About this exercise: Images are to be excluded, and the rest of the data repeated exactly.

Source data:
=====

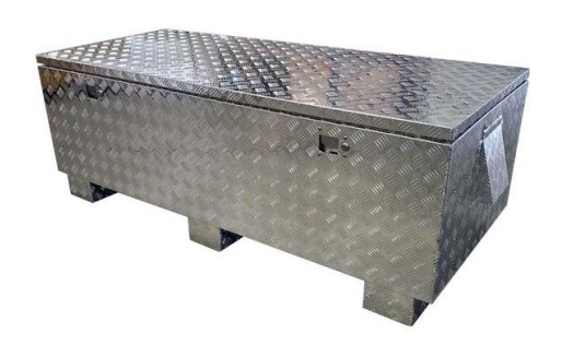
RPAL Diamond Plate Aluminum Ground Mount
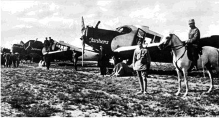
2.8 Iran's Junkers-F13 aircraft.
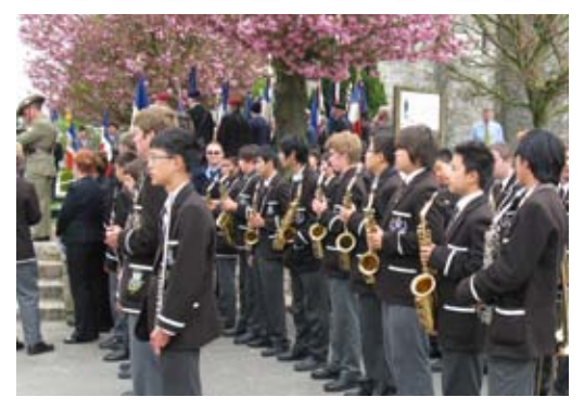
Bullecourt, Anzac Day, 2010

=====

Answer:
RPAL Diamond Plate Aluminum Ground Mount
2.8 Iran's Junkers-F13 aircraft.
Bullecourt, Anzac Day, 2010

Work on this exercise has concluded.